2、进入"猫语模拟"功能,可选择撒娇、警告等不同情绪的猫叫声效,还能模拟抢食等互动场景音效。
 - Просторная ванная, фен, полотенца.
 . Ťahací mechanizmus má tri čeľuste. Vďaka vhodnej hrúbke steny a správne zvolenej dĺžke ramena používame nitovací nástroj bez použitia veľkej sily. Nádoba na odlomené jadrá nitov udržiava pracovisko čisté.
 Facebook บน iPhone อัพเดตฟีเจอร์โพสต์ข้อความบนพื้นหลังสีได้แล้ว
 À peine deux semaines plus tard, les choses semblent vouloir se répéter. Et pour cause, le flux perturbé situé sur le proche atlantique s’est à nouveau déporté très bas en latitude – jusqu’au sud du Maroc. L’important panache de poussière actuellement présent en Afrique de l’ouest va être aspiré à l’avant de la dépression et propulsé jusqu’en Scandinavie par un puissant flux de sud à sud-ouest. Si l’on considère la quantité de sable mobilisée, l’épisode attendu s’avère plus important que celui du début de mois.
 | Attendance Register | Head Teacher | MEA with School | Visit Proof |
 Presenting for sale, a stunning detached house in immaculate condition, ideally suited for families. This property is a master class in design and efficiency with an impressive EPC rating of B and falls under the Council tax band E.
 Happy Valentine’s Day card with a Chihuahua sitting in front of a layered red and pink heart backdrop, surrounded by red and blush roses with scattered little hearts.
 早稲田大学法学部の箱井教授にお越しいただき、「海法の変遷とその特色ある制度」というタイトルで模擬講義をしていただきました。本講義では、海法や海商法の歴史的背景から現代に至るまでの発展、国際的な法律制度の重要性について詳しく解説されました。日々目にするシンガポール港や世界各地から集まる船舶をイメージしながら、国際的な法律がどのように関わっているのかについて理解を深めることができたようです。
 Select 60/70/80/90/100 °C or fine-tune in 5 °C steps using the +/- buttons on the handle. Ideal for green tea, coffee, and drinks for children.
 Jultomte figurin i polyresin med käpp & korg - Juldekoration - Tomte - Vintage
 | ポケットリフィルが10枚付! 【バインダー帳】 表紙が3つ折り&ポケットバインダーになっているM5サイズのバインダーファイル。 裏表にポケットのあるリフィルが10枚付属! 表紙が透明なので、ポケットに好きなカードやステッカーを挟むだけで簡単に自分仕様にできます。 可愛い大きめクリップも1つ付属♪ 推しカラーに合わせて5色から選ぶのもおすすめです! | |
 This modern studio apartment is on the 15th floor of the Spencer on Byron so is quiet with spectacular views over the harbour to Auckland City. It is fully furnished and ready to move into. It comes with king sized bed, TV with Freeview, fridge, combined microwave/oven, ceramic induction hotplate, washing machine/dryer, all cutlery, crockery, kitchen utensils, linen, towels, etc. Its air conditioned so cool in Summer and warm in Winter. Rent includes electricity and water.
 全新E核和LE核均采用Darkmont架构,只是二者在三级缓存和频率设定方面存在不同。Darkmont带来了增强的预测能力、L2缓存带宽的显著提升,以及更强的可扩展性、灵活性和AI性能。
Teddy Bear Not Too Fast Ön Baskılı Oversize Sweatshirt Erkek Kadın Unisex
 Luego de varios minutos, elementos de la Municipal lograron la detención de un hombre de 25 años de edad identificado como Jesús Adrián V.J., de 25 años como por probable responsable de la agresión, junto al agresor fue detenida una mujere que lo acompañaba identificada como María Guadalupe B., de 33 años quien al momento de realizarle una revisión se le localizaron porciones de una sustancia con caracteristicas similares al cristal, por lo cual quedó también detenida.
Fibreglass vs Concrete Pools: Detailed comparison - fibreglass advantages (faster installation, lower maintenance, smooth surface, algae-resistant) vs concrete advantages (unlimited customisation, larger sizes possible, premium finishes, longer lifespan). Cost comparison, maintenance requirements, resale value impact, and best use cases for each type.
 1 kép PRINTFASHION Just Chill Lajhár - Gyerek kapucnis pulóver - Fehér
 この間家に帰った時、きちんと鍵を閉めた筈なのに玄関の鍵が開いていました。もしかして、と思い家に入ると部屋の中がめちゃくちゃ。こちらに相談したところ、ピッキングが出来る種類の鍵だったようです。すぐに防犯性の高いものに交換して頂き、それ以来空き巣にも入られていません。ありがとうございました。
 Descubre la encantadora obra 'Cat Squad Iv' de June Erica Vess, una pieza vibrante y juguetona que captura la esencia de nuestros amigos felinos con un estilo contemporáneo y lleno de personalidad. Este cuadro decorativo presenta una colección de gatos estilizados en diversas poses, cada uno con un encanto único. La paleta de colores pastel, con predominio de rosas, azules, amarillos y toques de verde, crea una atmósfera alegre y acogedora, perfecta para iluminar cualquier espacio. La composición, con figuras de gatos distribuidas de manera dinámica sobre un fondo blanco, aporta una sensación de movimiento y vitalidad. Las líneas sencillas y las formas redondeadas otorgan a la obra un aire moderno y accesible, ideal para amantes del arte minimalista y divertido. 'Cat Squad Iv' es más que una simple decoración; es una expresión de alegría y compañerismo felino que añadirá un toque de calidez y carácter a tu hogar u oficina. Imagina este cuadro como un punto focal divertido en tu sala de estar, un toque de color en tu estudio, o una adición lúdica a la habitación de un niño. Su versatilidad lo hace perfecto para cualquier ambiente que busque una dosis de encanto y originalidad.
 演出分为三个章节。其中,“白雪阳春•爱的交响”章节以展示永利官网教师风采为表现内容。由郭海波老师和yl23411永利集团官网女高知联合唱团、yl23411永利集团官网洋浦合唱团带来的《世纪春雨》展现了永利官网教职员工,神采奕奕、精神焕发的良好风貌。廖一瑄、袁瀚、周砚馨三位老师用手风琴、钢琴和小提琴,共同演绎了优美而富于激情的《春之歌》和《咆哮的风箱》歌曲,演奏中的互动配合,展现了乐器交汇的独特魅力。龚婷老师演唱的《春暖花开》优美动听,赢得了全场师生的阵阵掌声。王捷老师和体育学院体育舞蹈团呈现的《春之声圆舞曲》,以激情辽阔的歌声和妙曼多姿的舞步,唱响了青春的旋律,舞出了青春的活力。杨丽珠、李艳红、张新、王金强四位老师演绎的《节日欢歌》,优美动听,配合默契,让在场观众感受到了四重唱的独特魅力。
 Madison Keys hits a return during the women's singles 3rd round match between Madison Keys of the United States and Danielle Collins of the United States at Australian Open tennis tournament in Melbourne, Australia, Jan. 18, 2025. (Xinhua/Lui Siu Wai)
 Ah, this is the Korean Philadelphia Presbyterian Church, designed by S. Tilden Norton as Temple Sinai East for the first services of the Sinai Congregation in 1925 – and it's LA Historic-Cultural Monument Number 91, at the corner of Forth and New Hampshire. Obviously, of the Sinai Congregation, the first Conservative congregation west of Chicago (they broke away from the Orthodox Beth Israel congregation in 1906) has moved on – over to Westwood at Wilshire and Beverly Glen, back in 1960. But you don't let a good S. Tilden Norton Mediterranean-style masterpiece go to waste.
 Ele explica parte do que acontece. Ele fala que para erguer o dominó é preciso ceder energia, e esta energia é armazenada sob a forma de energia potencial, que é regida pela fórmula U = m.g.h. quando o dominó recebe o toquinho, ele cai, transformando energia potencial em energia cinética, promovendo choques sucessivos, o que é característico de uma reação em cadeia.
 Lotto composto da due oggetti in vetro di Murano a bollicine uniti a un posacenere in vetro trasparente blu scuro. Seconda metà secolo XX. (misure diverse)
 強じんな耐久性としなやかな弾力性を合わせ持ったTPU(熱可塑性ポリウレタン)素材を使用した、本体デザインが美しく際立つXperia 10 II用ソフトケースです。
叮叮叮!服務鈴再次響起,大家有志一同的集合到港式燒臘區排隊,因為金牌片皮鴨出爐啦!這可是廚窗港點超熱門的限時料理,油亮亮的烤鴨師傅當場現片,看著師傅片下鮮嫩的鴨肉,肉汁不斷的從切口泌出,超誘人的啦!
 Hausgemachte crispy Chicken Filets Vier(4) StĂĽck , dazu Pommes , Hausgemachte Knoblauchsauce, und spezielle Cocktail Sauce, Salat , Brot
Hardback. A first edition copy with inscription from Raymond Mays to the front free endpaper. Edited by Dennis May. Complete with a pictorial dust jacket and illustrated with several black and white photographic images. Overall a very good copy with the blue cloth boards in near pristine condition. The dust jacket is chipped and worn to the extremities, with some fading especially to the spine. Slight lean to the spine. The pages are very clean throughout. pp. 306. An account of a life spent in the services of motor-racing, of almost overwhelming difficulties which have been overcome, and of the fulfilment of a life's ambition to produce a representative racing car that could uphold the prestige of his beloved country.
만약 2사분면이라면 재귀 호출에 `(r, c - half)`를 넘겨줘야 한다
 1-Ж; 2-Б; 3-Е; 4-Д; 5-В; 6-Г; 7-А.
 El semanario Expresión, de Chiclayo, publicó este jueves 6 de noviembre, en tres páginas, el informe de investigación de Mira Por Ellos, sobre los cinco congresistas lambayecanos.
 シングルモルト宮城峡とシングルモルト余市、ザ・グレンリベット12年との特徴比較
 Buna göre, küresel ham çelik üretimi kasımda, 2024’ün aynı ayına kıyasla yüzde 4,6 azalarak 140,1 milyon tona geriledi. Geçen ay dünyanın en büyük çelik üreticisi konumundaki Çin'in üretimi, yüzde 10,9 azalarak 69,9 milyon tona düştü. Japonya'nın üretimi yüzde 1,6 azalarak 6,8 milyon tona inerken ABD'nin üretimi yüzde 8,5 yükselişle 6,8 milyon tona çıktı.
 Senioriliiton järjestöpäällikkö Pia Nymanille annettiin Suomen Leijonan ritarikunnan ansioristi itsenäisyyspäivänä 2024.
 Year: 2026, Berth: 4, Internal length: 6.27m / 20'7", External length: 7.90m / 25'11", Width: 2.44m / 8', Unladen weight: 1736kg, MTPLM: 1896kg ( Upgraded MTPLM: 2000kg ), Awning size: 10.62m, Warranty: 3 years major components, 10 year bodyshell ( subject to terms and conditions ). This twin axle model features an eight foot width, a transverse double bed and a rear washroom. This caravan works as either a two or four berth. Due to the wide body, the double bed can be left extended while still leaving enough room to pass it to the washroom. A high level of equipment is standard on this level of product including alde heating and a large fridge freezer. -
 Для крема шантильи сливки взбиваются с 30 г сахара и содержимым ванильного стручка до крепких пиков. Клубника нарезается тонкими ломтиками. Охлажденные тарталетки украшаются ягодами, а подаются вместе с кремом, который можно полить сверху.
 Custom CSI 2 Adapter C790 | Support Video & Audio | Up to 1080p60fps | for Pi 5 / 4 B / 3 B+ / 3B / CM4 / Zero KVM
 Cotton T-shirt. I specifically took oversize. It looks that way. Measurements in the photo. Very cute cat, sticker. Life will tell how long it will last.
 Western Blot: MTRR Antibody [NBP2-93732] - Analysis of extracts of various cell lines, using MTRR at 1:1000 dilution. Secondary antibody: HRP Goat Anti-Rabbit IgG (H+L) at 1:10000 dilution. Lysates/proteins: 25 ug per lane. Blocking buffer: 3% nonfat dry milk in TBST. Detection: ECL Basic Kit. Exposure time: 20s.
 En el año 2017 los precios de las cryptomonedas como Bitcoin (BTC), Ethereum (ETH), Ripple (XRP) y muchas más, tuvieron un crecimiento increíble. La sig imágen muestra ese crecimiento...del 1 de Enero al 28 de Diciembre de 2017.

• _Requirement_:
The reply should hold only the lines from the beginning of the listing to the line with "Select 60/70/80/90/100 °C", both ends included, unchanged.

• _Task result_:
2、进入"猫语模拟"功能,可选择撒娇、警告等不同情绪的猫叫声效,还能模拟抢食等互动场景音效。
 - Просторная ванная, фен, полотенца.
 . Ťahací mechanizmus má tri čeľuste. Vďaka vhodnej hrúbke steny a správne zvolenej dĺžke ramena používame nitovací nástroj bez použitia veľkej sily. Nádoba na odlomené jadrá nitov udržiava pracovisko čisté.
 Facebook บน iPhone อัพเดตฟีเจอร์โพสต์ข้อความบนพื้นหลังสีได้แล้ว
 À peine deux semaines plus tard, les choses semblent vouloir se répéter. Et pour cause, le flux perturbé situé sur le proche atlantique s’est à nouveau déporté très bas en latitude – jusqu’au sud du Maroc. L’important panache de poussière actuellement présent en Afrique de l’ouest va être aspiré à l’avant de la dépression et propulsé jusqu’en Scandinavie par un puissant flux de sud à sud-ouest. Si l’on considère la quantité de sable mobilisée, l’épisode attendu s’avère plus important que celui du début de mois.
 | Attendance Register | Head Teacher | MEA with School | Visit Proof |
 Presenting for sale, a stunning detached house in immaculate condition, ideally suited for families. This property is a master class in design and efficiency with an impressive EPC rating of B and falls under the Council tax band E.
 Happy Valentine’s Day card with a Chihuahua sitting in front of a layered red and pink heart backdrop, surrounded by red and blush roses with scattered little hearts.
 早稲田大学法学部の箱井教授にお越しいただき、「海法の変遷とその特色ある制度」というタイトルで模擬講義をしていただきました。本講義では、海法や海商法の歴史的背景から現代に至るまでの発展、国際的な法律制度の重要性について詳しく解説されました。日々目にするシンガポール港や世界各地から集まる船舶をイメージしながら、国際的な法律がどのように関わっているのかについて理解を深めることができたようです。
 Select 60/70/80/90/100 °C or fine-tune in 5 °C steps using the +/- buttons on the handle. Ideal for green tea, coffee, and drinks for children.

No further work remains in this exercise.